- [WHAT THE TASK ASKS]
The first line of the entries and each line after it, through the one that contains "Erbario di Vincenzo", are to be duplicated exactly; no picture belongs in the copy.

Records excerpted from a collection:
********************

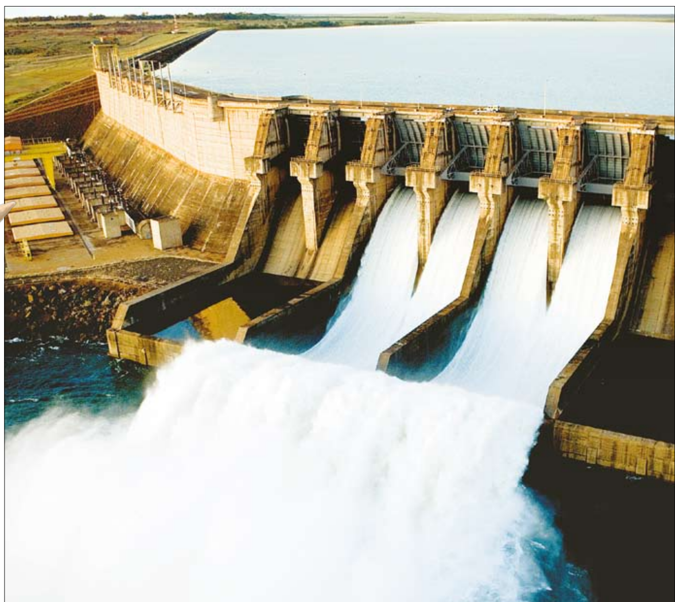
Vertedouros da Usina de Água Vermelha: operação com 29,48% da capacidade pela falta de chuvas

Ação da Procuradoria Geral do Estado já tem deputados estaduais como investigados na "Máfia do Asfalto". Página A5
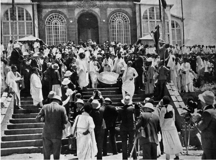
Fig. 1. La proclamation de la mobilisation générale à Addis-Abeba. Le ministre de la Plume lit le décret royal devant le tambour de Ménélik.
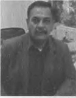
Bir profil resmi.
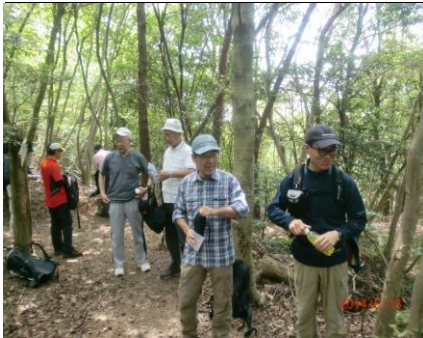
9340 最初のお茶タイム
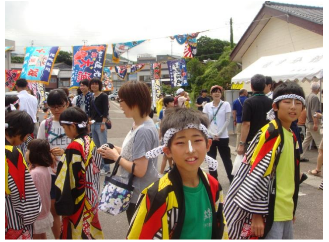
F : 名物！漁師町姫津のイカイカ祭り見学
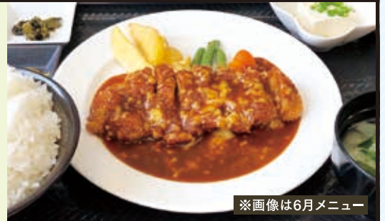
※画像は6月メニュー
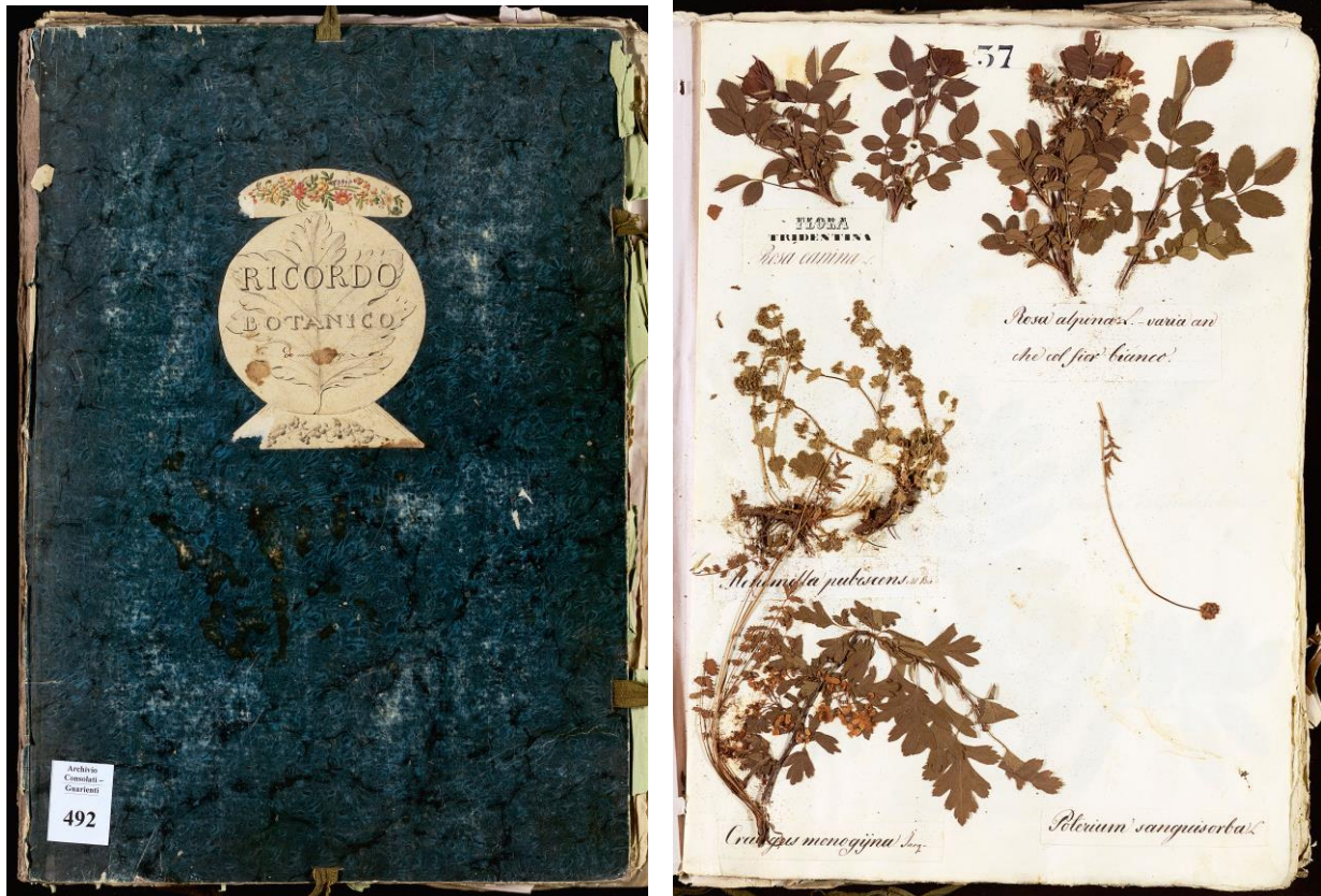
Erbario di Vincenzo Consolati, metà secolo XIX (Consolati, 492)

dalla cospicua raccolta di memorie di viaggio del periodo 1785-1904, al dettagliato diario di eventi pubblici, privati e meteorologici compilato per gli anni 1794-1806, ai carteggi privati fra parenti e amici, all'erbario composto alla metà dell'Ottocento dall'appassionato botanico Vincenzo Consolati, il fondo Consolati è una preziosissima miniera di dati e informazioni che aspettano di essere riscoperti e valorizzati.
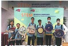
本校同學參加香港城市大學 STEM 嘉年華暨學生專題研發展覽
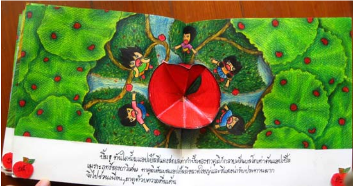
หลากหลายผลงาน
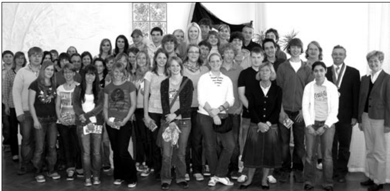
Společný snímek na památku zajímavého setkání.
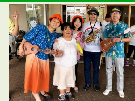
おへそバンド なかよしかふえにて
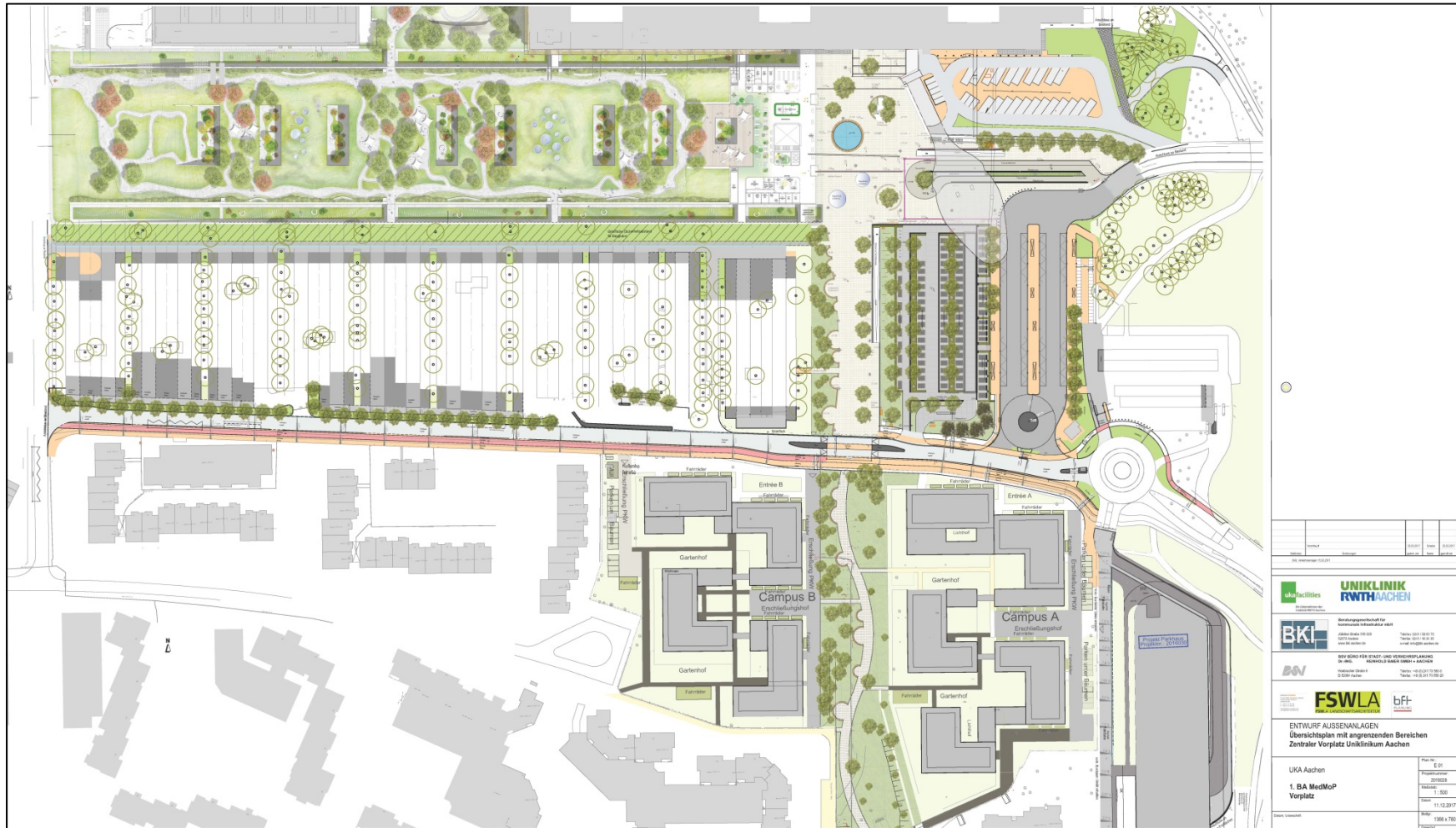
UKA 1.BA MedMoP – B-Plan-Verfahren - © ukafacilities GmbH
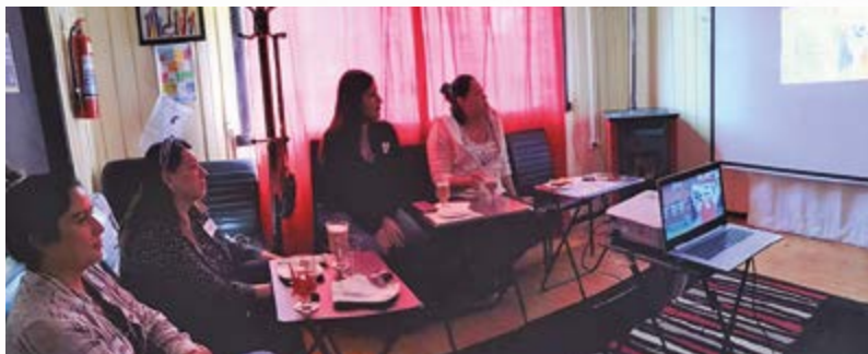
Los usuarios pudieron apreciar los testimonios en talleres y actividades de cada PPF
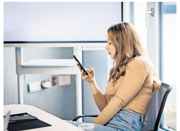
Das Handy ist am Arbeitsplatz ein leidiges Thema - ganz verboten darf der Arbeitgeber es aber nur mit gutem Grund.
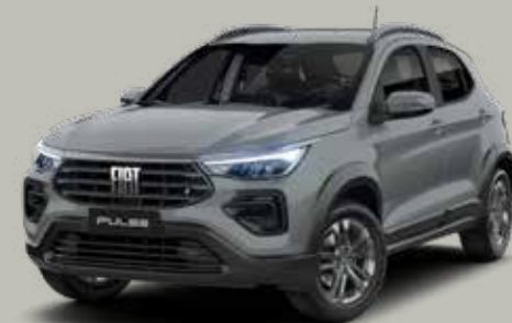
540 - GRIS STRATO
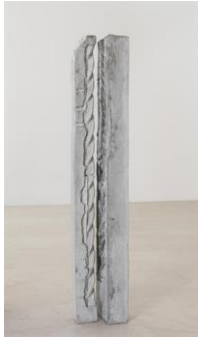
JUNE CRESPO To be two, 2018 Beton 125 x 22 x 17 cm
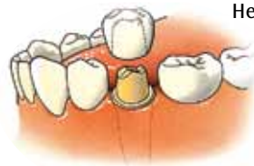
Kroon, een kapje over een tand of kies

Het kapje zit op de tand of kies vastgelijmd. Door een kroon krijgt de tand of kies zijn oorspronkelijke vorm en functie weer terug.
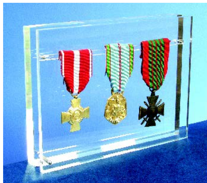
Porte-décorations 200 x 150 mm 3 à 4 rubans
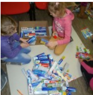
p1270450 – kopia

********************

- [RESPONSE FOR THIS EXERCISE]
Vertedouros da Usina de Água Vermelha: operação com 29,48% da capacidade pela falta de chuvas

Ação da Procuradoria Geral do Estado já tem deputados estaduais como investigados na "Máfia do Asfalto". Página A5
Fig. 1. La proclamation de la mobilisation générale à Addis-Abeba. Le ministre de la Plume lit le décret royal devant le tambour de Ménélik.
Bir profil resmi.
9340 最初のお茶タイム
F : 名物！漁師町姫津のイカイカ祭り見学
※画像は6月メニュー
Erbario di Vincenzo Consolati, metà secolo XIX (Consolati, 492)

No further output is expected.